Una ragione per riflettere per quanti pensano con sufficienza ad una sua demolizione. E un monito che ci ricorda che prima dobbiamo conoscere i beni culturali della città, anche quelli dimenticati; per poi procedere –dopo– alla loro valorizzazione.
Insomma serve cultura e memoria e non improvvisazione.

“Lo scorso 4 febbraio, insieme a due amici, abbiamo incontrato presso il Palazzo di via 2 giugno il progettista: l’architetto Marco Romano. È stato un incontro molto interessante per conoscere il contesto storico, l’approccio urbanistico e architettonico che hanno influenzato il progetto del Palazzo e del Centro Civico (non realizzato) in cui era inserito.

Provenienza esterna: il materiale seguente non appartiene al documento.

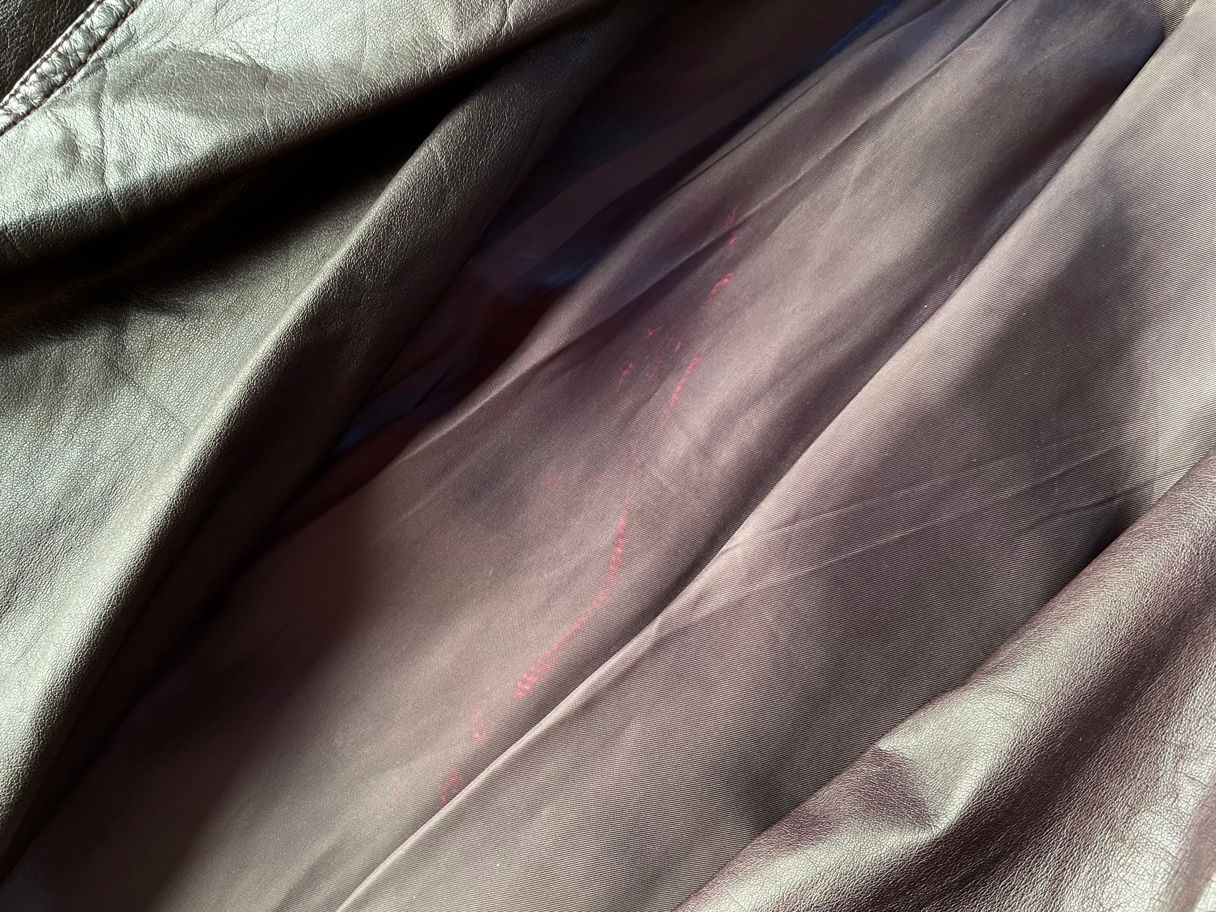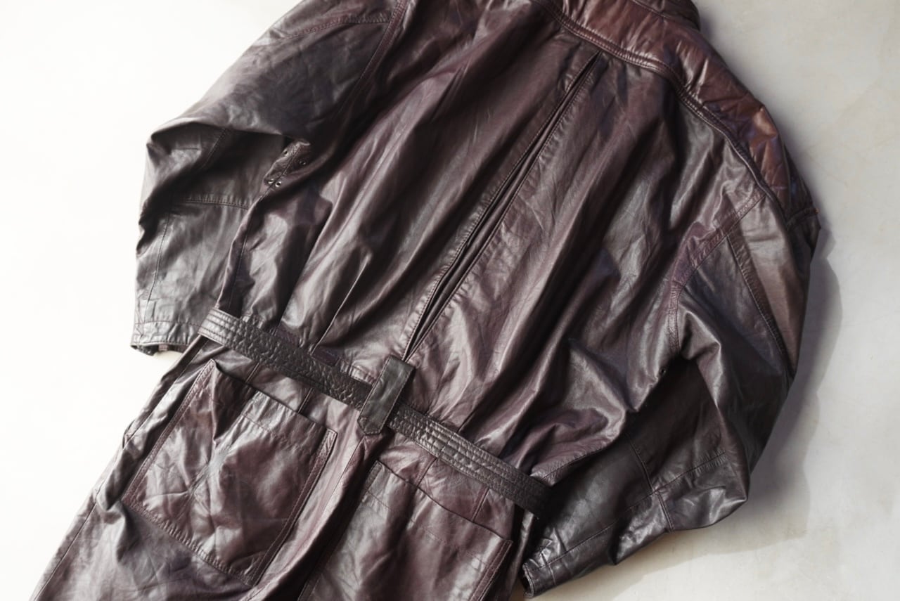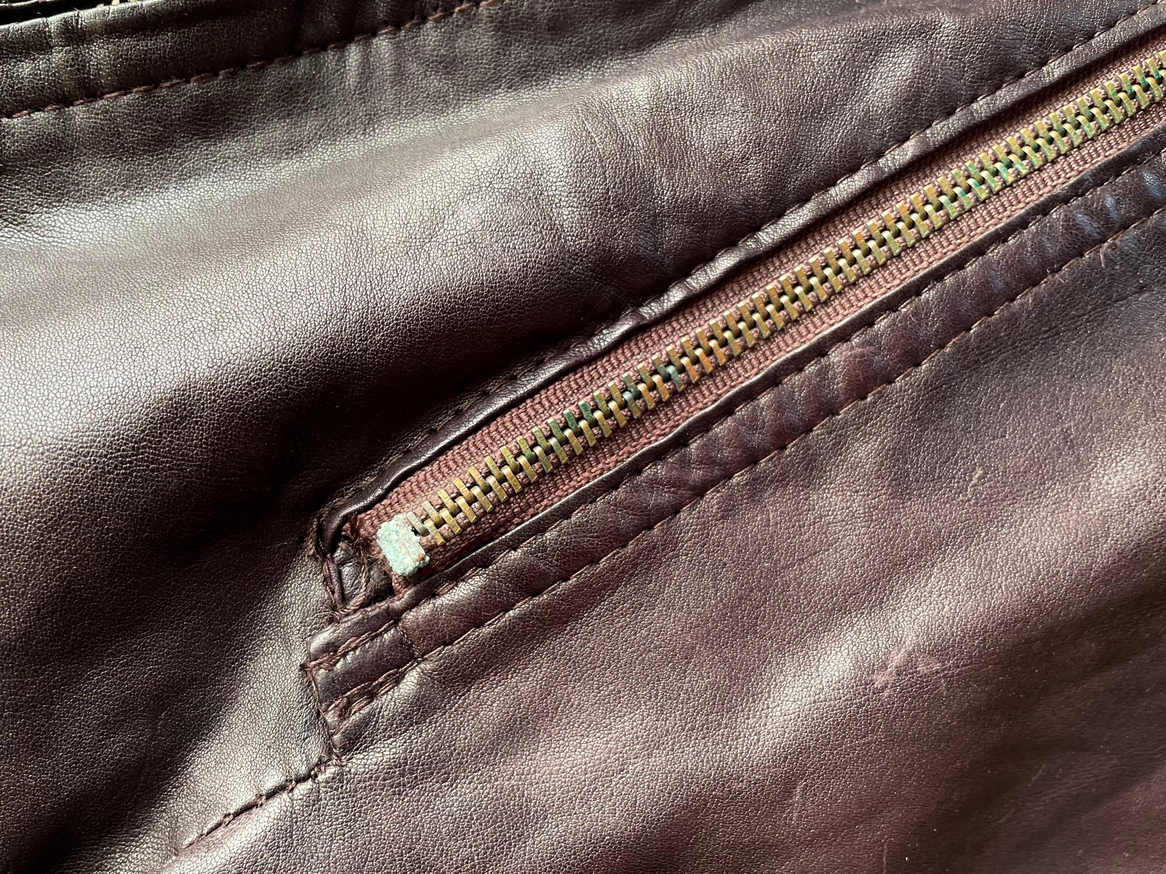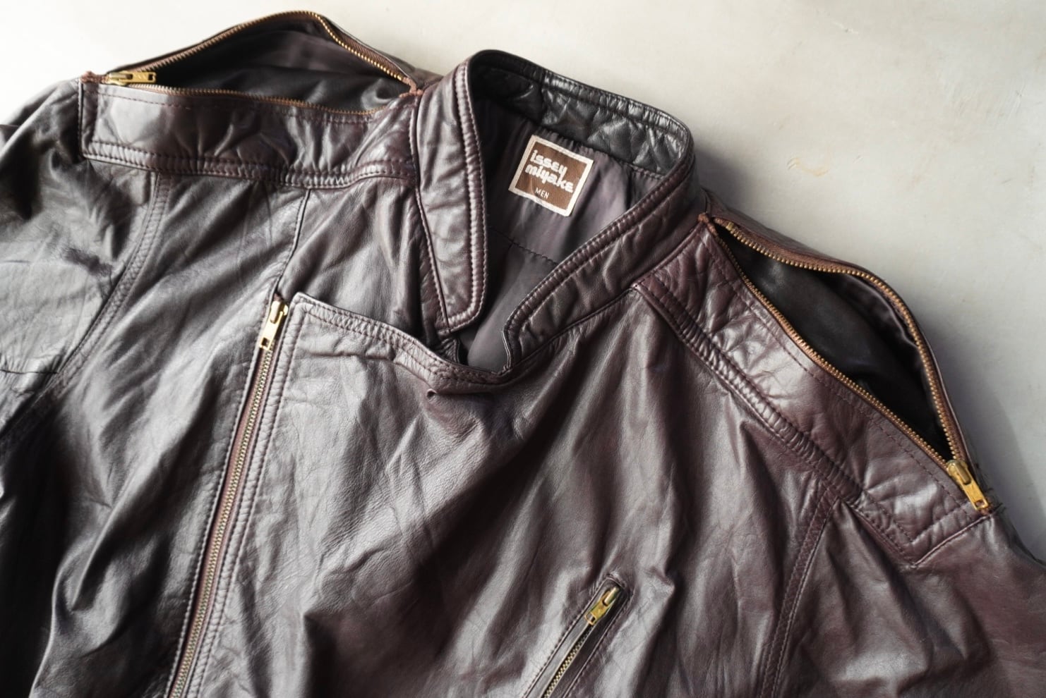 ほんのり赤みのあるブラウンレザーが使用された、ダブルのライダース仕様のスペシャルなジャンプスーツ。

Le informazioni raccolte evidenziano
il valore culturale di questo artefatto, sia per la testimonianza di un periodo
storico (1963-1980) importante per lo sviluppo della Città di Paderno D., sia
per la cura dell’architetto all’organizzazione degli spazi e al contesto
urbanistico che voleva privilegiare la pedonalita’ e l’accessibilità ai servizi
civici, piuttosto che premiare l’estetica di moda.
La constatazione della stabilità
della struttura in cemento armato ( progettata da Ing. Marco Locatelli) e la
conseguente possibilità di ristrutturazione, rendono, a nostro avviso, questo
bene culturale ancora fruibile dai Cittadini. E per la sua tutela, abbiamo ritenuto
opportuno registrarlo nell’archivio di #SOSBRUTALISM, sponsorizzato dal DAM
(Deutches Architektur Museum) per la salvaguardia dei manufatti di
“architettura brutalista”, una “corrente” nata negli anni 1950, che deriva da
una definizione francese di LeCorbusier: “beton brut” (cemento a vista) che si
…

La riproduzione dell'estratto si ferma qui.